Apache Web software overrides IE10 do-not-track setting

Apache, the most commonly used software to house Web sites, will ignore Microsoft's decision to disable ad-tracking technology by default in Internet Explorer 10.

Microsoft set IE10 and Windows 8 so that, by default, Web sites that observe the Do Not Track (DNT) standard won't track people's behavior. The move was made to "better protect user privacy," the company said.

But protecting user privacy turns out to be a thorny matter in practice -- at least when a standard has to be palatable to advertisers as well as browser makers and people surfing the Web.

Mozilla, which as maker of the Firefox browser was the first to support DNT, objects to Microsoft's DNT position, arguing that DNT shouldn't be active or inactive until a person actively sets it one way or the other. And the Digital Advertising Alliance said it would only honor DNT if it's not switched on by default -- in other words, advertisers will ignore DNT altogether regardless of how a browser is set up.

Now the Apache software project is involved.

Roy Fielding, an author of the Do Not Track (DNT) standard and principal scientist at Adobe Systems, wrote a patch for Apache that sets the Web server to disable DNT if the browser reaching it is Internet Explorer 10. "Apache does not tolerate deliberate abuse of open standards," Fielding titled the patch.

As a result of the Apache update, Web servers using the software will ignore DNT settings for people using IE10.

Microsoft declined to comment for this story.

When a debate began yesterday in the patch comments, Fielding elaborated on his patch:

The only reason DNT exists is to express a non-default option. That's all it does. It does not protect anyone's privacy unless the recipients believe it was set by a real human being, with a real preference for privacy over personalization.

Microsoft deliberately violates the standard. They made a big deal about announcing that very fact. Microsoft are members of the Tracking Protection working group and are fully informed of these facts. They are fully capable of requesting a change to the standard, but have chosen not to do so. The decision to set DNT by default in IE10 has nothing to do with the user's privacy.
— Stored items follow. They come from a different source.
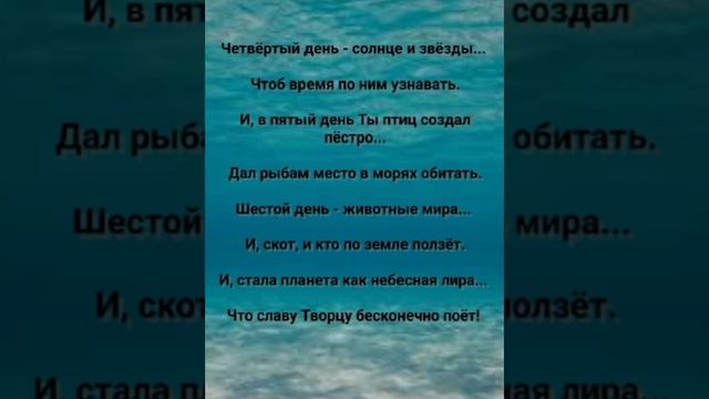 ХРИСТИАНСКИЕ ПЕСНИ ДЛЯ ХВАЛЫ ПОКЛОНЕНИЯ ПРОСЛАВЛЕНИЯ ЕВАНГЕЛИЗАЦИИ ДУХОВНОГО РОСТА ПРОБУЖДЕНИЯ ВОЗРОЖДЕНИЯ #господь#музыка#христианская_музыка#музика#христианскиепесни#бог#христианскиестихи#любовь#христианство#стихи#песня#песни#иисус#иисусхристос#иисусмойбог#иисус_христос#иисусбог#иисусгосподь#хвалы_и_поклонения#хваление#хвала#прославление#духсвятой#духовныйрост#духовноепробуждение#духовность#евангелие#евангелизация#евангельскаявесть#духовный_рост#пробуждение#рождество#рождествохристово#божий#божийнарод#божьеслово #ХристианскаяПесня #ХристианскоеПоклонение #ХристианскаяНоваяПесня #ПастырьМоейДушы #ХристианскаяМузыка #ПесняСлавы #Иисус #ЛюбовьБожья #ХристианскиеТексты #СлаваГосподу #ВераИПоклонение #ВечнаяЛюбовь #RussianChristianSong #RussianChristianWorship #RussianChristianMusic #RussianWorship #NewRussianChristianMusic #RussianChristianMusic #RussianSongOfPraise #Jesus #GodsLove #ChristianLyrics #GloryToGod #RussianFaithAndWorship #EternalLove #Пасха #Воскресение #ХристосВоскрес #пробуждение #возрождение https://stihi.ru/avtor... "ВСЁ, ЧТО ТЫ СОЗДАЛ - ПРЕКРАСНО!" СЛОВА, МУЗЫКА, ОБРАБОТКА: ЖАННА ВОЛКОВА-ВАРЛАМОВА https://stihi.ru/2025/... Стихи Жанна Юрьевна Волкова-Варламова Вступление: Земля была пуста и безвидна... И, тьма над глубокой водой. Но, Воля Твоя была очевидна... Ты дал ей порядок Святой. 1 Куплет День первый - и, свет появился... Отделив себя от ночей. День второй - небосвод сотворился... Став домом для ярких лучей. День третий - явилась суша... И, зелень покрыла её. Твои творения во благо нам служат... И, за это Тебе мы славу воздаём!!! Припев: Ты сотворил небо и землю... Ты звёзды зажёг в высоте. Твоей Благодати я внемлю... В великой земной красоте! От рыбы в морской глубине... До птицы, парящей вдали... Всё дышит Тобой на земле... Всё дышит по воле любви! 2 Куплет Четвёртый день - солнце и звёзды... Чтоб время по ним узнавать. И, в пятый день Ты птиц создал пёстро... Дал рыбам место в морях обитать. Шестой день - животные мира... И, скот, и кто по земле ползёт. И, стала планета как небесная лира... Что славу Творцу бесконечно поёт! Припев: Ты сотворил небо и землю... Ты звёзды зажёг в высоте. Твоей Благодати я внемлю... В великой земной красоте! От рыбы в морской глубине... До птицы, парящей вдали... Всё дышит Тобой на земле... Всё дышит по воле любви! Бридж И, вот венец всего творения... По образу сделан Твоему. Для жизни и для размножения... Чтоб править по слову всему. Припев: Ты сотворил небо и землю... Ты звёзды зажёг в высоте. Твоей Благодати я внемлю... В великой земной красоте! От рыбы в морской глубине... До птицы, парящей вдали... Всё дышит Тобой на земле... Всё дышит по воле любви! Заключение: И, всё, что Ты создал - прекрасно... И, вечер, и утро, и день. Твоё творение было не напрасно, Ты был им весьма вдохновен!!! 31.07.2025 Жанна Волкова-Варламова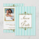 Esta elegante y sofisticada tarjeta de aviso de fecha con foto en azul aqua y rayas blancas con acentos dorados está impresa en papel blanco básico y tiene un espacio para que agregues tu propia foto digital. El texto y la elección del papel son personalizables. Si necesitas artículos adicionales que coincidan, por favor envía un correo electrónico a niteowlstudio@gmail.com con tu solicitud.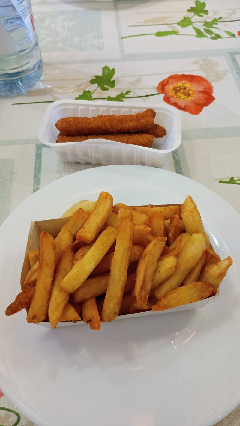 Het is al etenstijd en de boodschappen zijn al gedaan. Beide zaken moei ik mee als het gewenst is. Deze ronde echter niet. Er wordt een lijstje gemaakt voor de frites en ze worden gehaald. Hier ga ik mietershard van genieten. Er gaat niets boven zo'n bakje Belgische frites compleet met slappe curry en Belgische mayo. Daarnaast bestel ik kipfingers, omdat ik die iemand hoor roepen. Daarbij, bi-snacksueel ben je of niet, een bamischijf. Bami's blijken ze niet te hebben en als vervanger krijg ik de meest getoetste snack van het land. De sitostick. Of de bestelling nou wel of niet compleet was, ik eet voor 1,5 persoon frites. Er blijft namelijk nogal wat over. De kinderen hebben het er niet zo op.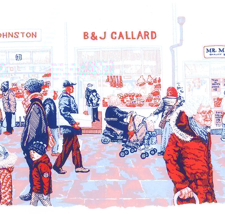 This greeting card is of Butcher's Row. It's of a lively section of Leeds market where all the butchers were grouped together and you had them all displaying their goods and shouting their meaty deals at you as you walked passed. They've moved them elsewhere in the market now, but this is how I liked it best. The original image was a screenprinted artwork by myself, Leeds based illustrator Simon Lewis, in early 2014. It’s a 4 colour screenprint, each colour derived from a detailed drawing to give a bright and vibrant overall image.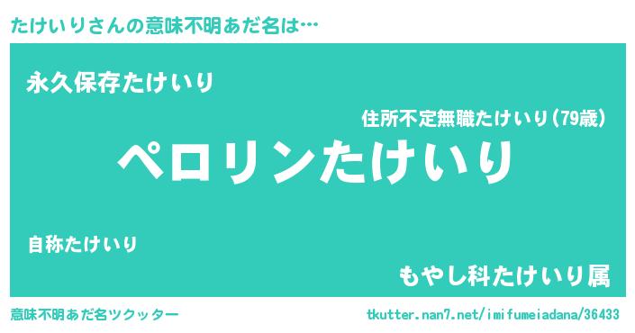 | 男性向けラノベタイトル風あだ名 | 『たけいりの憂鬱』『タケイリスレイヤー』 |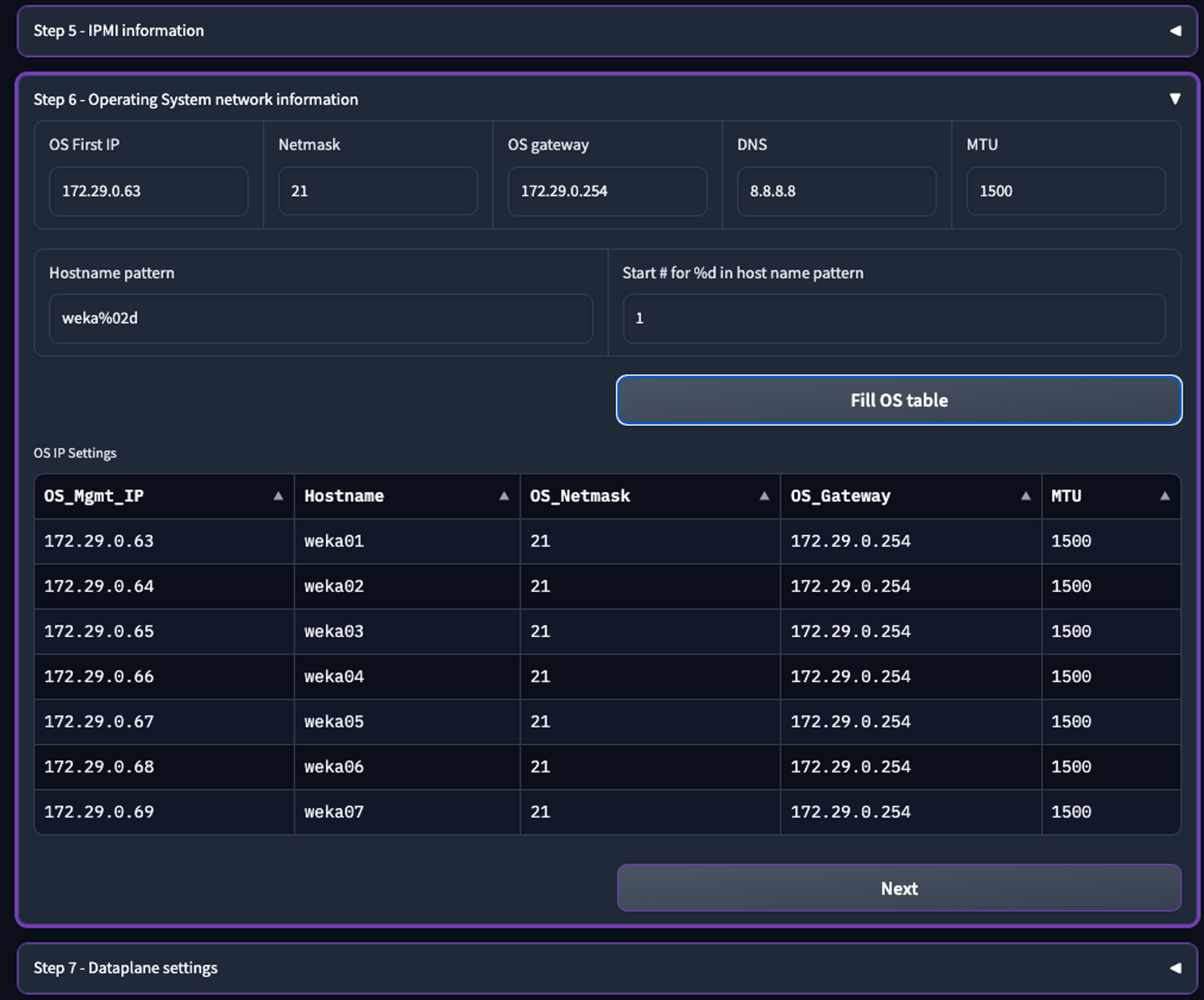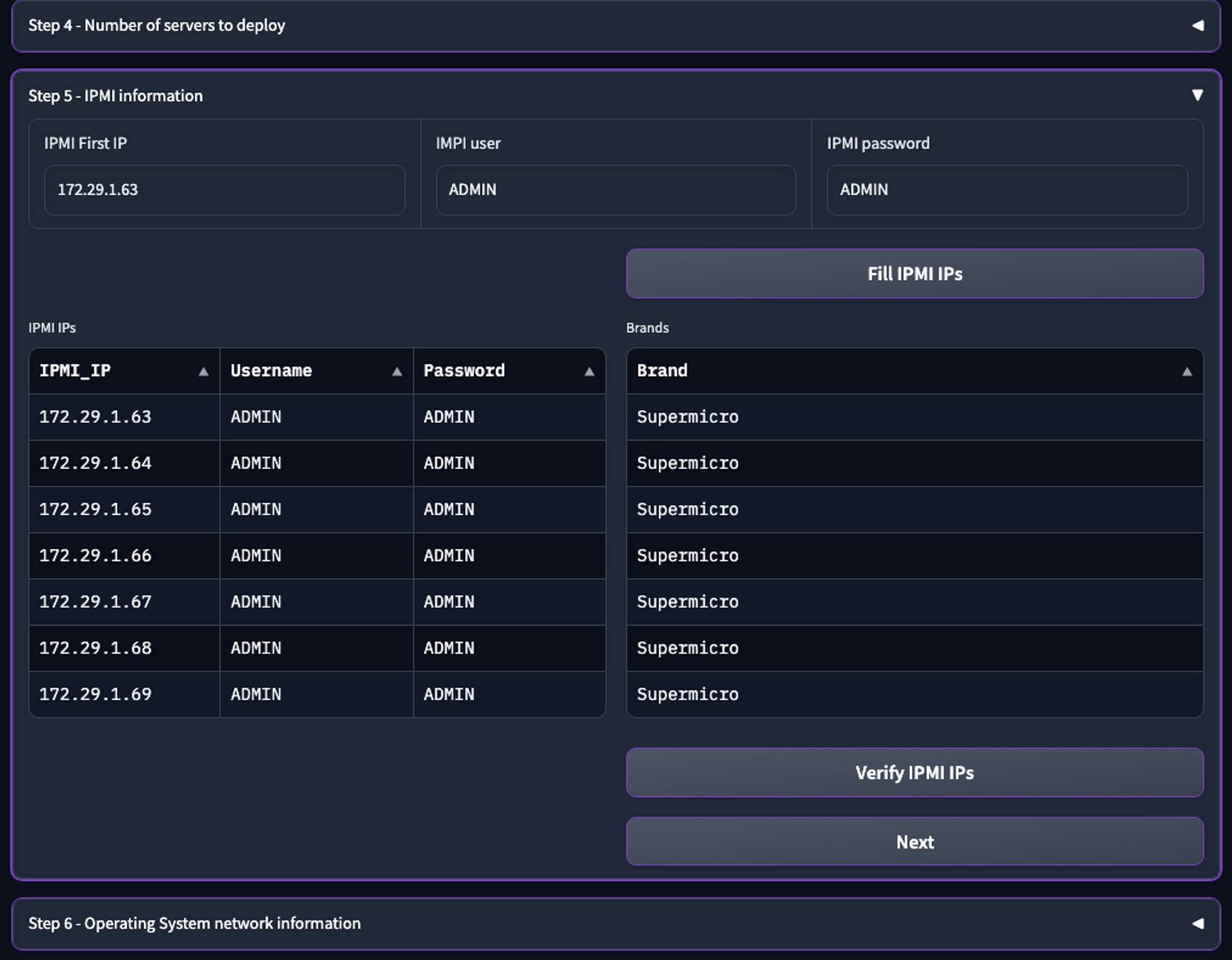 * Click **Fill IPMI IPs** to calculate the IP addresses for the number of servers specified in Step 4.

Microsoft knows full well that the false signal will be ignored, and thus prevent their own users from having an effective option for DNT even if their users want one. You can figure out why they want that. If you have a problem with it, choose a better browser.

The current draft of Do Not Track standard reads as follows regarding how to determine a person's DNT preference: "A user agent must have a default tracking preference of 'unset' (not enabled) unless a specific tracking preference is implied by the decision to use that agent." A user agent means a Web browser.

Not all agree with Fielding's position. "IE10 is respecting the DNT standards. The specification says that the user should select the option, which the user [can] do during the Windows 8 setup," said programming student Francois Remy in one comment.

If a person hasn't explicitly enabled Do Not Track, some in the ad industry advertisers scoff at the idea that its being enabled means anything.

"If the site does not believe the DNT:1 signal is valid, then why would anyone in the supply chain be expected to honor the invalid signal?" asked Mike Zaneis, general counsel of the Internet Advertising Bureau in a comment on the DNT standard.

Windows 8 enables the Do Not Track setting as a default in IE10 when the operating system is installed with default settings, but the installer program does give people an option to change it.

"DNT will be enabled in the 'Express Settings' portion of the Windows 8 set-up experience," said Microsoft Chief Privacy Officer Brendon Lynch in an August blog post. "There, customers will also be given a 'Customize' option, allowing them to easily switch DNT 'off' if they'd like."

Microsoft declined to comment for this story.

Updated 12:02 a.m. PT Sept. 8 with Microsoft declining to comment.